Plasma Rules Are Reversed
Everything above applies to red blood cell transfusions. Plasma, the liquid portion of blood, follows the opposite logic. With plasma, the concern isn’t the antigens on red cells but the antibodies dissolved in the fluid. When you transfuse plasma, you’re giving the recipient someone else’s antibodies.
Type AB plasma contains no anti-A and no anti-B antibodies, so it can be given to anyone. This makes AB the universal plasma donor. Type O plasma, on the other hand, contains antibodies against both A and B antigens, so it can only go to other type O recipients safely. If you’re donating plasma rather than whole blood, AB is the most versatile type, not O.
Platelet Transfusions
Platelets occupy a middle ground. They carry ABO antigens on their surface, and they’re collected in plasma that contains the donor’s ABO antibodies. So ABO compatibility matters in two directions: mismatched platelets may be cleared from the recipient’s bloodstream faster, reducing effectiveness, and incompatible plasma from the donor can attack the recipient’s red blood cells.
Platelets don’t carry Rh antigens themselves, but platelet products contain trace amounts of red blood cells or red cell fragments from the donor. If a Rh-negative person receives platelets from a Rh-positive donor, those fragments can trigger the production of anti-D antibodies. This is a particular concern for women of childbearing age, because anti-D antibodies developed this way can later attack a Rh-positive fetus during pregnancy. When this situation arises, a preventive injection of Rh immune globulin is given to block that immune response.
Rh Factor and Pregnancy
The Rh system has special significance during pregnancy. When a Rh-negative mother carries a Rh-positive baby (inheriting the D antigen from the father), small amounts of fetal blood can mix with the mother’s during delivery. Her immune system recognizes the D antigen as foreign and begins producing antibodies against it.

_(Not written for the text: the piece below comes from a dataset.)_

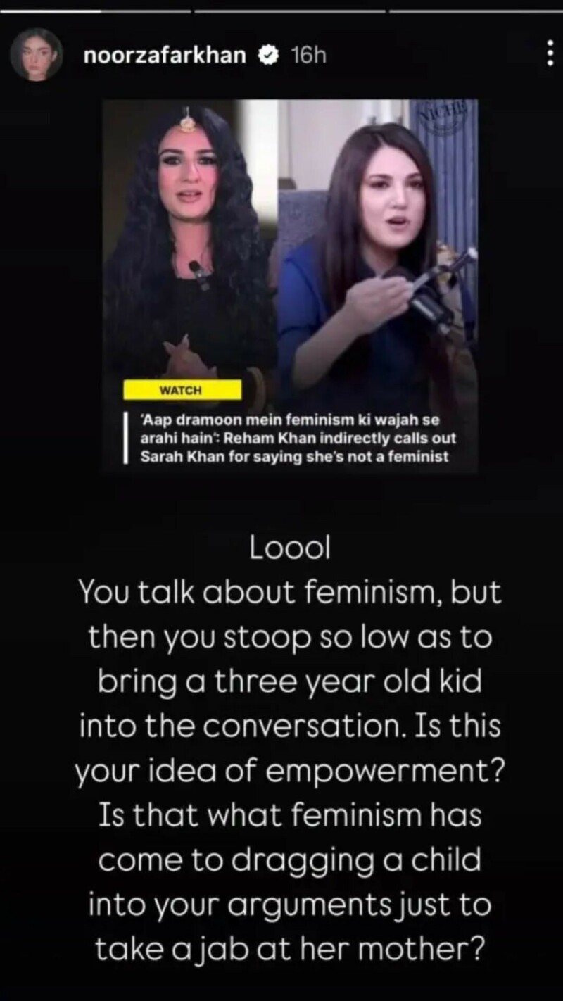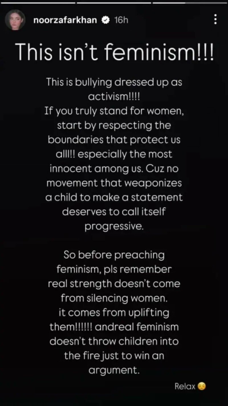 انہوں نے انسٹاگرام اسٹوری میں لکھا کہ آپ خود فیمنزم کی بات کرتی ہیں لیکن ماں پر تنقید کرنے کے لیے اس کے بچے کو بھی شامل کر لیتی ہیں، جو کہ افسوسناک ہے۔

The first pregnancy is usually unaffected, because the initial antibodies produced are a type that can’t cross the placenta. But in a subsequent pregnancy with another Rh-positive baby, the mother’s immune system has already switched to producing a smaller, more aggressive antibody that does cross the placenta. These antibodies attack the baby’s red blood cells, causing a condition called hemolytic disease of the newborn. This is preventable with an injection given during and after pregnancy to stop the mother’s immune system from forming those antibodies in the first place.
Rare Types Beyond ABO and Rh
The ABO and Rh systems are the most clinically important, but more than 300 other blood group antigens exist. Most rarely cause problems, but some do. The Bombay phenotype is a striking example. People with this extremely rare blood type lack a foundational molecule that the A and B antigens are built on. Their immune system produces antibodies against that molecule, which means they react to every ABO type, including type O. They can only receive blood from other individuals with the Bombay phenotype or use their own stored blood. Transfusing even type O red blood cells to someone with the Bombay phenotype can cause a fatal reaction.
People with rare phenotypes like this often register with specialized rare blood donor programs, and some bank their own blood in advance of planned surgeries. It’s a reminder that while the eight common blood types cover the vast majority of transfusion needs, compatibility can be more complex than the standard chart suggests.